The US cybersecurity and intelligence agency has released a set of recommendations to address security concerns and harden against potential threats regarding 5G standalone network slicing.
This was announced by the US Cybersecurity and Infrastructure Security Agency (CISA) and the National Security Agency (NSA).
5G is the 5th generation technology standard for broadband cellular networks, offering higher data speeds and lower latency. Network slicing is an architectural model that allows mobile service providers to divide their network into multiple independent “slices” to create virtual networks serving different clients and use cases.
The updated recommendations build on guidance previously issued by the agency in December 2022, which states that network slicing can expose users to a wide range of threat vectors including denial of service, jamming, identity theft and man-in-the-middle attacks. It warns that there is – Effectively interfere with the confidentiality, integrity, and availability of network services.
Concerns about 5G network slicing are detailed in a report published in March 2021 by Enea AdaptiveMobile Security, which describes brute force gaining malicious access to slices and orchestrating denial-of-service attacks against other network functions. The possibility of force attacks is emphasized.
And in May 2021, the U.S. government announced that improper implementation of telecommunications standards, supply chain threats, and system architecture weaknesses could pose significant cybersecurity risks to 5G networks, thereby It warned that it could allow actors to exploit loopholes to extract valuable information from victims.

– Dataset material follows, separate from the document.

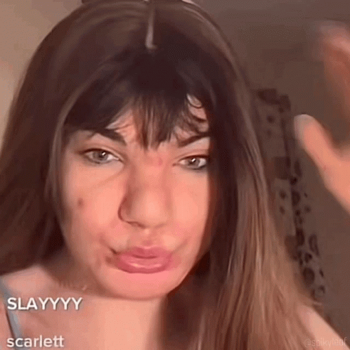 Elphaba Doherty makes funny faces and exaggerated mouth movements in a close-up video, featuring various text overlays.

Shielding Against Insider Threats: Mastering SaaS Security Posture Management
Worried about insider threats? We’ve got you covered! Join us for this webinar to explore practical strategies and proactive security secrets using SaaS Security Posture Management.
join today
In their latest guidance, the authorities cited denial-of-service attacks, misconfiguration attacks, and hostile man-in-the-middle attacks against the signaling plane as the three main threat vectors for 5G, with Zero Trust Architecture (ZTA) potentially helping. I pointed out that there is. Secure network deployment.
CISA and NSA said “ZTA can largely be achieved by employing authentication, authorization, and auditing (AAA) techniques.” “Done properly,
Authentication and authorization can also mitigate threat vectors arising from misconfiguration attacks. ”
Agencies should also seek industry acceptance of how 5G network slicing will be implemented, designed, deployed, operated, maintained, potentially enhanced, and mitigated, as 5G network slicing impacts quality of service (QoS) and service level agreements. It also states that it is important to be aware of established best practices (SLA).